The first official draft of the Commonwealth Constitution Bill prepared for the National Australasian Convention in 1891 did not contain a clause in terms similar to s 46. The precursor to s 46 was first introduced during a meeting of the Constitutional Committee on 30 March 1891, in the handwriting of Andrew Inglis Clark, in what Professor John Williams describes as "[a] curious addition". It was adopted without discussion.
There was little discussion about it thereafter. Sir Samuel Griffith provided a critique of the 1897 draft Bill but no comment was made by him about the provision, which was by then cl 49 of the draft Constitution. Clause 49 was the subject of brief debate during the Sydney Convention in September 1897. Dr Quick drew attention to the nature of cl 49 as a penalty and compared the provision to the consequences for breach of the law against plural voting, which had been struck out of the draft. Dr Quick observed that "[i]n this clause, not only is an offence created, but a penalty is also created in the constitution". He suggested that it be struck out, as the penalty against plural voting had been, and that provision be made for a simple prohibition against doing certain acts. The Hon Edmund Barton undertook to produce such a clause, but it was ultimately not implemented. The words "[u]ntil The Parliament otherwise provides" were introduced into the final draft arising from the Sydney Convention. Clause 49 was thereafter subject to only slight revision and no debate.
The background to s 47
By contrast with s 46, there was significant debate concerning the precursors to s 47, particularly concerning the appropriate forum for the determination of the questions concerning qualifications, vacancies and disputed elections.

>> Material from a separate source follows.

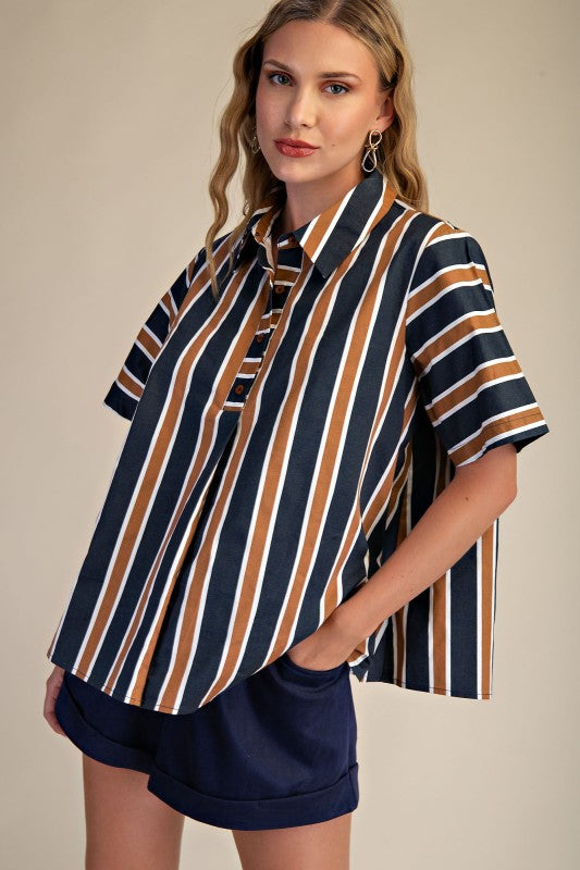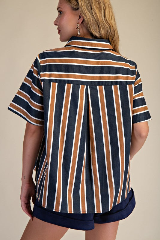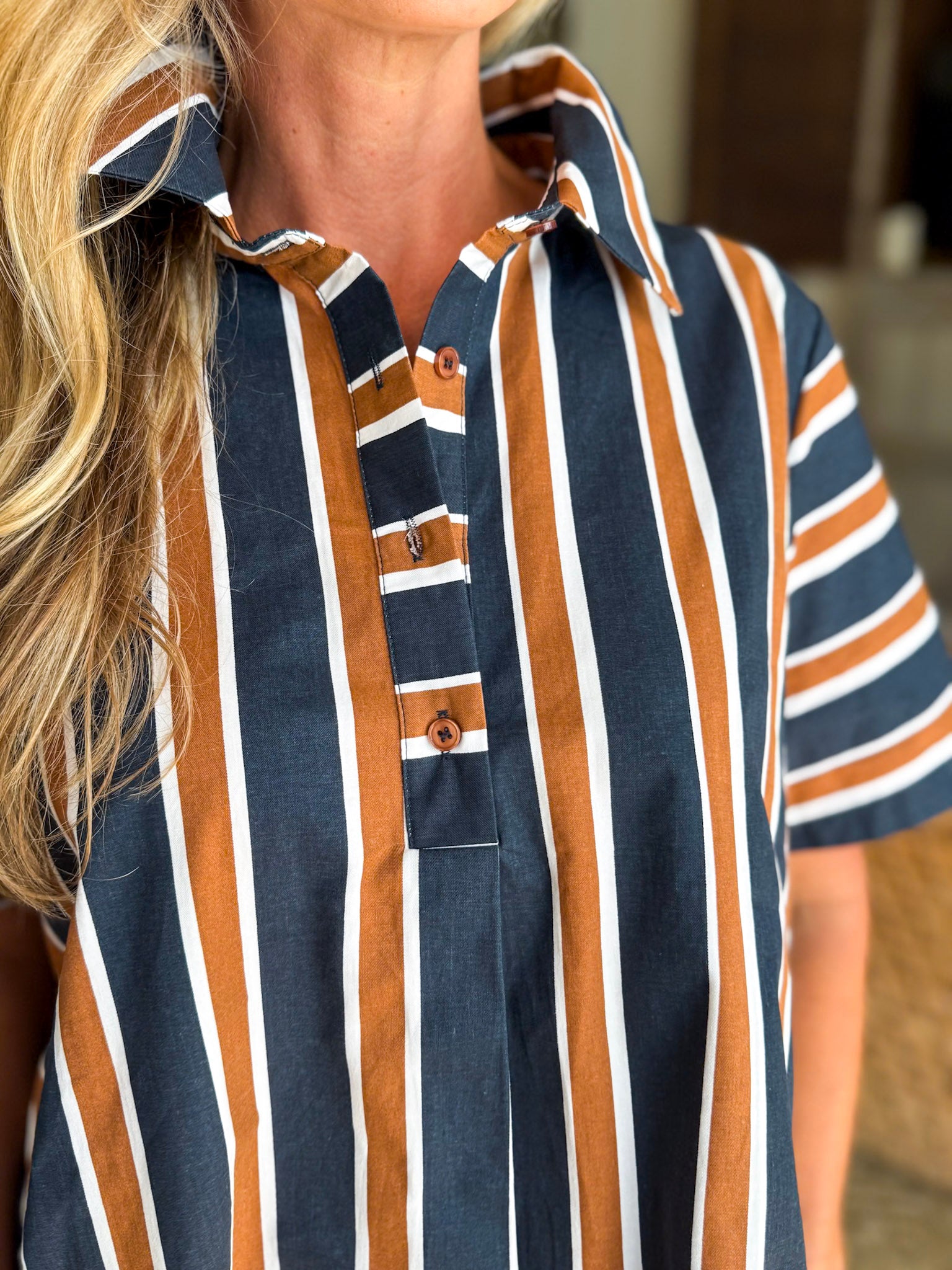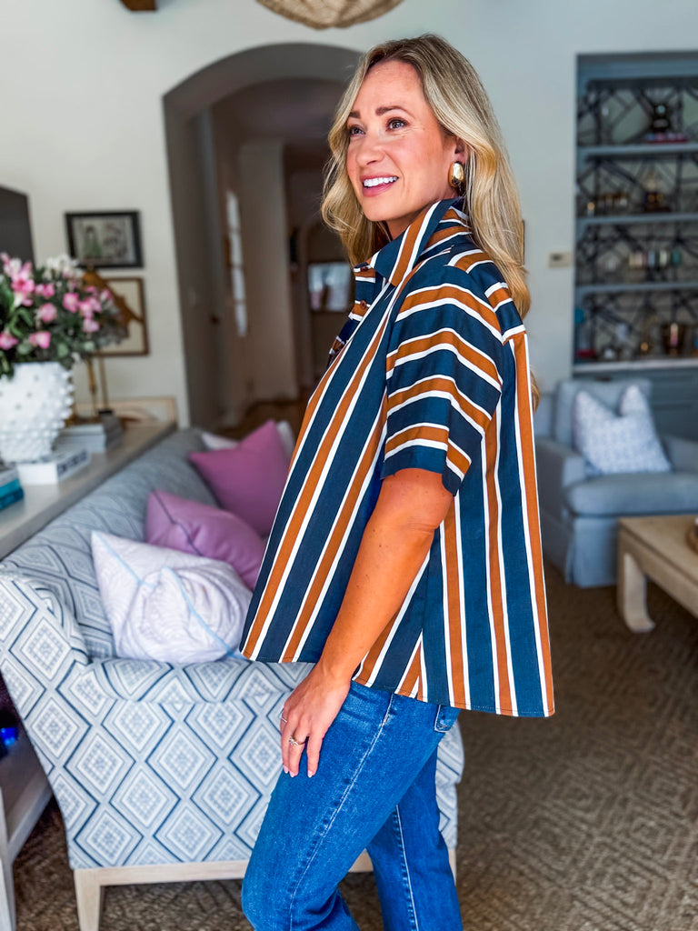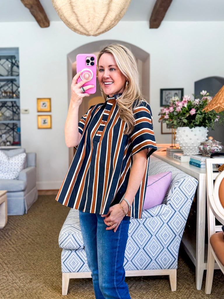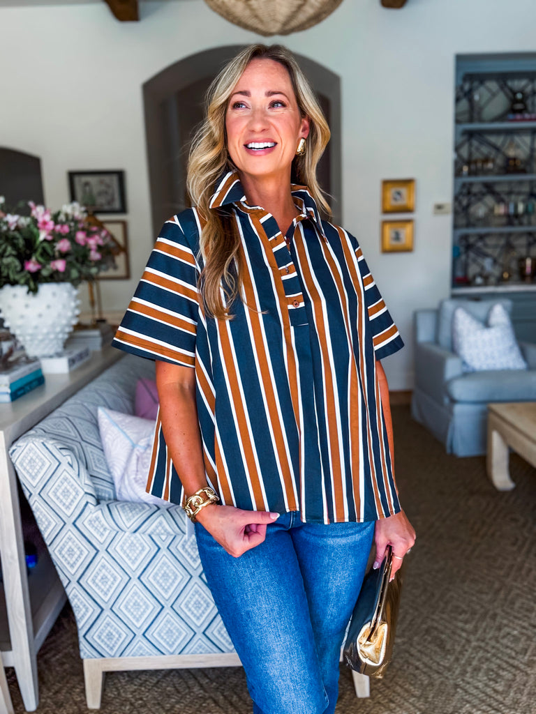 The Around the Block Top in brown keeps things cool, comfy, and totally stylish. This short sleeve shirt top is lightweight and perfect for warm afternoons, relaxed evenings, or weekend shopping trips. Its easy silhouette flatters effortlessly, giving you that pulled together look without even trying. A true everyday essential you’ll reach for again and again.

At the time of the Adelaide Convention of 1897, there were two clauses which together were in substantially the same terms as the first form of s 47, though they dealt with the Senate and the House of Representatives separately. During that Convention, Sir Edward Braddon suggested that these questions, particularly the question of disputed returns, should be determined by the High Court. The Hon George Reid expressed a similar sentiment. Mr Barton discouraged the amendment, explaining that the clause reflected significant discussion in the Constitutional Committee which had added the proviso "until The Parliament otherwise provides". In his view it was preferable to leave it to the federal Parliament to decide after the Houses were called together.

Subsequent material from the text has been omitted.